Below are some entries. Transcribe the lines from the one holding "寒流发威,高山一夜间白了头。" to the one holding "活动当晚,经院志愿者们提前来", inclusive, but not the pictures among them.

## Records for this exercise
--- START ---

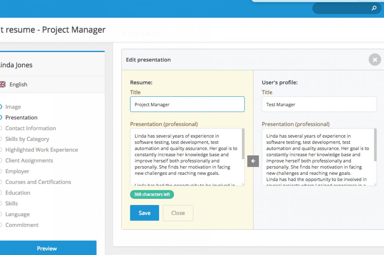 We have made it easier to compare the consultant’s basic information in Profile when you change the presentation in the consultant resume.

--- END ---
--- START ---

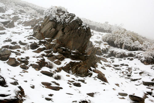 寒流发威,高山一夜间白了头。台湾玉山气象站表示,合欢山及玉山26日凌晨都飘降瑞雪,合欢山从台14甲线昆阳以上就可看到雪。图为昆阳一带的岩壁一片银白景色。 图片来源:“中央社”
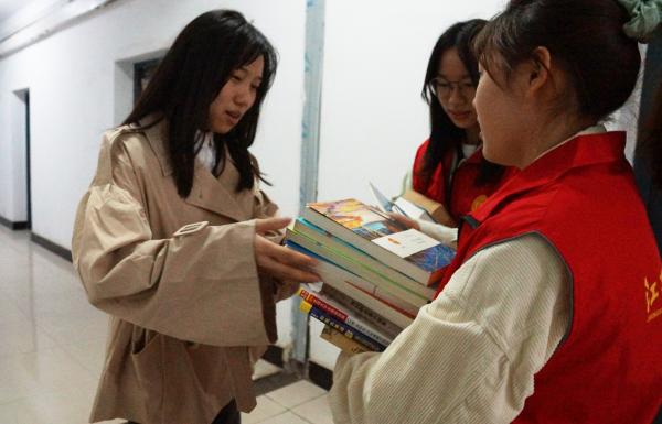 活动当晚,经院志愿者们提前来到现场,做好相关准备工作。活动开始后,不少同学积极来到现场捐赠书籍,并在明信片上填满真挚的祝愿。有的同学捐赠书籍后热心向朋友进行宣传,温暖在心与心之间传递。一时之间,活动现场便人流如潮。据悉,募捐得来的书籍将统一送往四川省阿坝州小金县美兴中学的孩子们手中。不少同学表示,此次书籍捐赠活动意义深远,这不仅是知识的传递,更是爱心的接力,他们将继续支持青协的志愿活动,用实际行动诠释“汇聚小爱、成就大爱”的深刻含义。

--- END ---

## Your response
 寒流发威,高山一夜间白了头。台湾玉山气象站表示,合欢山及玉山26日凌晨都飘降瑞雪,合欢山从台14甲线昆阳以上就可看到雪。图为昆阳一带的岩壁一片银白景色。 图片来源:“中央社”
 活动当晚,经院志愿者们提前来到现场,做好相关准备工作。活动开始后,不少同学积极来到现场捐赠书籍,并在明信片上填满真挚的祝愿。有的同学捐赠书籍后热心向朋友进行宣传,温暖在心与心之间传递。一时之间,活动现场便人流如潮。据悉,募捐得来的书籍将统一送往四川省阿坝州小金县美兴中学的孩子们手中。不少同学表示,此次书籍捐赠活动意义深远,这不仅是知识的传递,更是爱心的接力,他们将继续支持青协的志愿活动,用实际行动诠释“汇聚小爱、成就大爱”的深刻含义。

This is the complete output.